[[ EXERCISE DATA open ]]
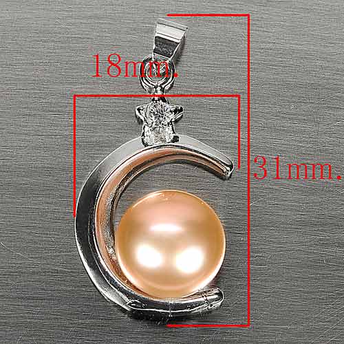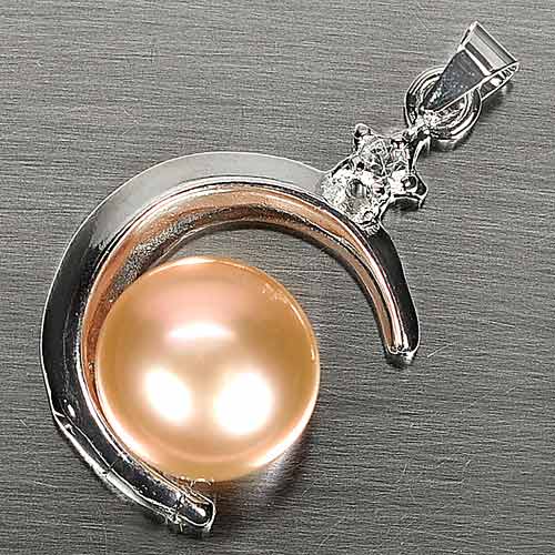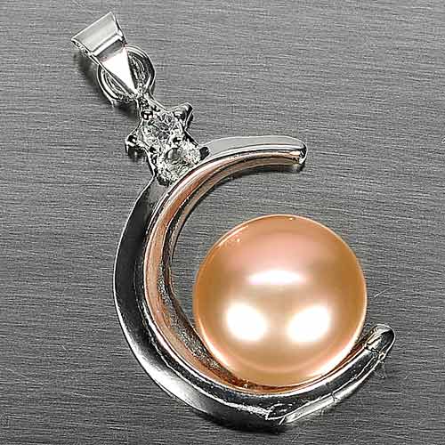2.89 G. Round Cabochon Natural Orange Pearl Rhodium Silver Pendant
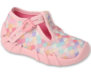 Kapcie dziewczęce domowe do przedszkola na zapinki różowe Befado 110P501-23
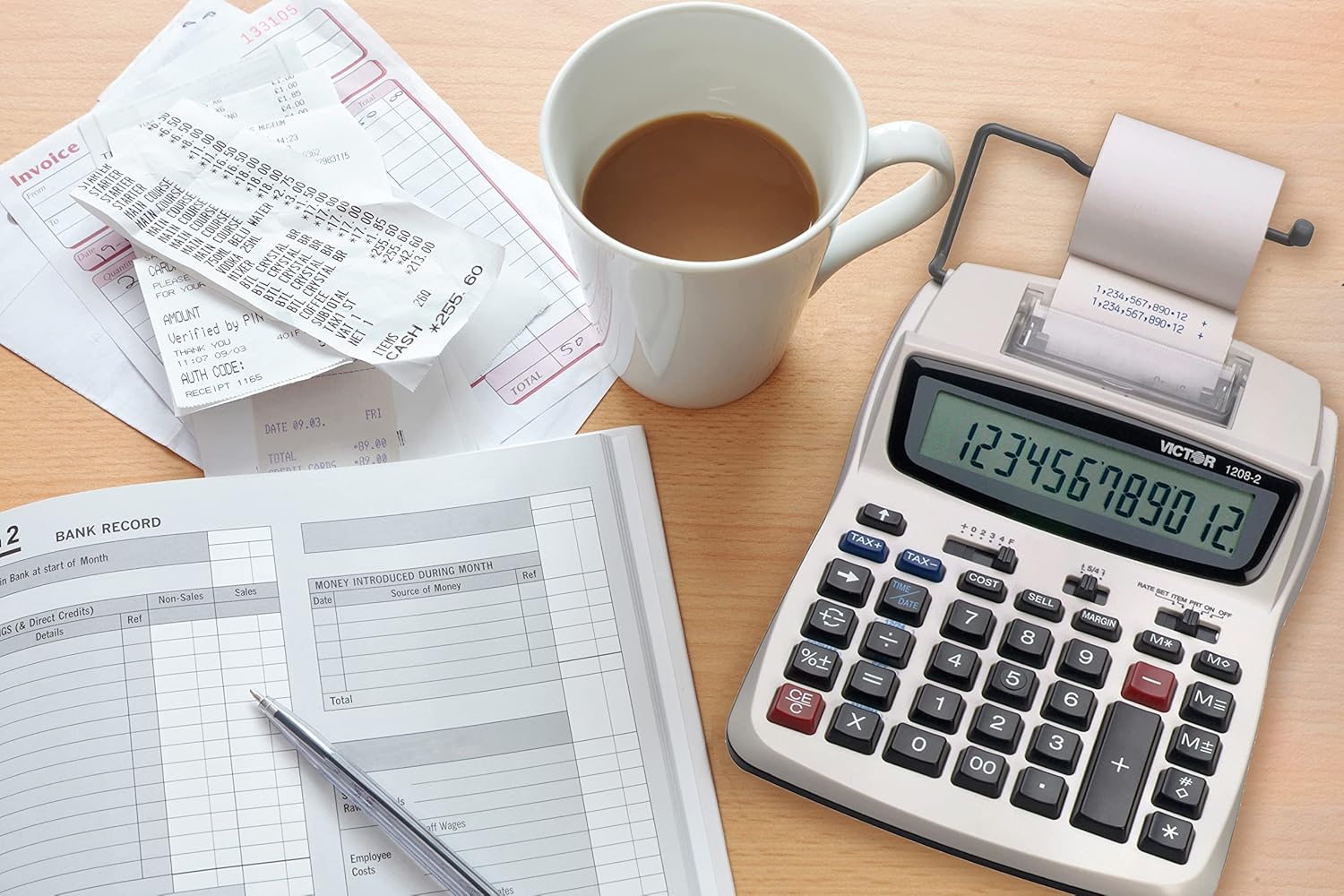 Victor Printing Calculator, 1208-2 Compact and Reliable Adding Machine with 12 Digit LCD Display, Battery or AC Powered, Includes Adapter,White
[[ EXERCISE DATA closed ]]
Copy out the listing above exactly, and keep the pictures out of it.

2.89 G. Round Cabochon Natural Orange Pearl Rhodium Silver Pendant
 Kapcie dziewczęce domowe do przedszkola na zapinki różowe Befado 110P501-23
 Victor Printing Calculator, 1208-2 Compact and Reliable Adding Machine with 12 Digit LCD Display, Battery or AC Powered, Includes Adapter,White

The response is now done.